-- WORK REQUEST --
Leave the pictures in the listing below aside and reproduce exactly the lines starting with the one with "Join a game, face" and going on through the one with "据悉,领克Z20曜红版将采用", both ends included.

-- STORED DATA --
---------------
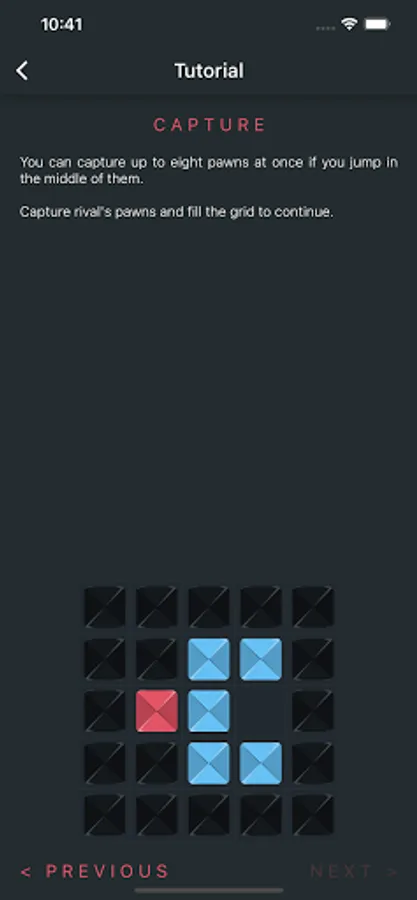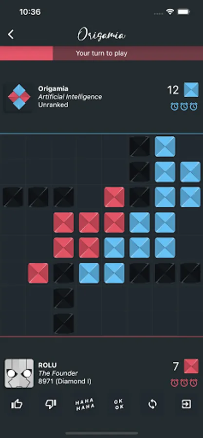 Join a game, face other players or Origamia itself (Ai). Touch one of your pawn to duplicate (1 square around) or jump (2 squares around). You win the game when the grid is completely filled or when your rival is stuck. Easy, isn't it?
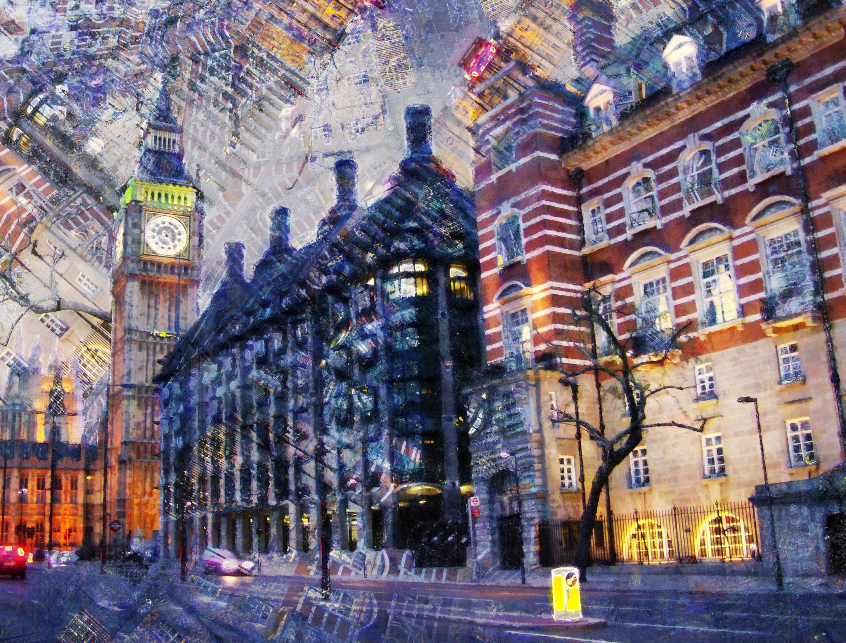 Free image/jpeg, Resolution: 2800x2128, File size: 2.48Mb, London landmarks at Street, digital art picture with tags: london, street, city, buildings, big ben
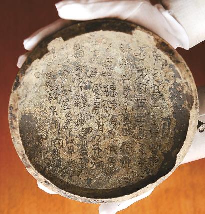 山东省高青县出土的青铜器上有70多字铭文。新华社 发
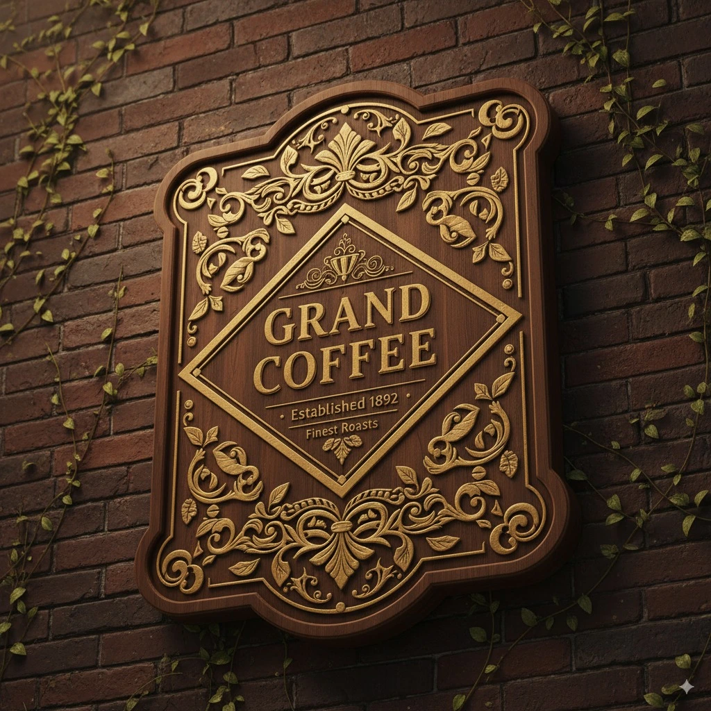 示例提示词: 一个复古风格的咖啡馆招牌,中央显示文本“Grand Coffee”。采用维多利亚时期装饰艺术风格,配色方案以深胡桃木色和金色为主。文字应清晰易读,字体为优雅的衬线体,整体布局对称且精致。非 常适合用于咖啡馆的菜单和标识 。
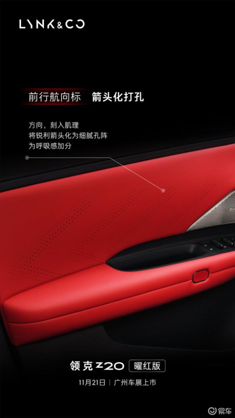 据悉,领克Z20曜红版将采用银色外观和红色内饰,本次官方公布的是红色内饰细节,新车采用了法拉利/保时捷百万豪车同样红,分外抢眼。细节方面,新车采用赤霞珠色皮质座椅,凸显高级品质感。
---------------
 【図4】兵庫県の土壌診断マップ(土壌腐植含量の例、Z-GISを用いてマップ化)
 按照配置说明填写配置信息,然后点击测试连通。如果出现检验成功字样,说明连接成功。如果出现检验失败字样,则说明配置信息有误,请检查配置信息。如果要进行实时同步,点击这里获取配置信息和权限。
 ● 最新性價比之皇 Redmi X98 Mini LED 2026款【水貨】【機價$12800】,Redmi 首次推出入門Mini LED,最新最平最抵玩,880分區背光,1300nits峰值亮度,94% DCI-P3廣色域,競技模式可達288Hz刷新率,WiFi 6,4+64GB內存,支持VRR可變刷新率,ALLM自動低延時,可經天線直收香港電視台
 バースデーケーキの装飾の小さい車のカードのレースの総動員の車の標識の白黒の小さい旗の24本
---------------
-- ANSWER AREA --
 Join a game, face other players or Origamia itself (Ai). Touch one of your pawn to duplicate (1 square around) or jump (2 squares around). You win the game when the grid is completely filled or when your rival is stuck. Easy, isn't it?
 Free image/jpeg, Resolution: 2800x2128, File size: 2.48Mb, London landmarks at Street, digital art picture with tags: london, street, city, buildings, big ben
 山东省高青县出土的青铜器上有70多字铭文。新华社 发
 示例提示词: 一个复古风格的咖啡馆招牌,中央显示文本“Grand Coffee”。采用维多利亚时期装饰艺术风格,配色方案以深胡桃木色和金色为主。文字应清晰易读,字体为优雅的衬线体,整体布局对称且精致。非 常适合用于咖啡馆的菜单和标识 。
 据悉,领克Z20曜红版将采用银色外观和红色内饰,本次官方公布的是红色内饰细节,新车采用了法拉利/保时捷百万豪车同样红,分外抢眼。细节方面,新车采用赤霞珠色皮质座椅,凸显高级品质感。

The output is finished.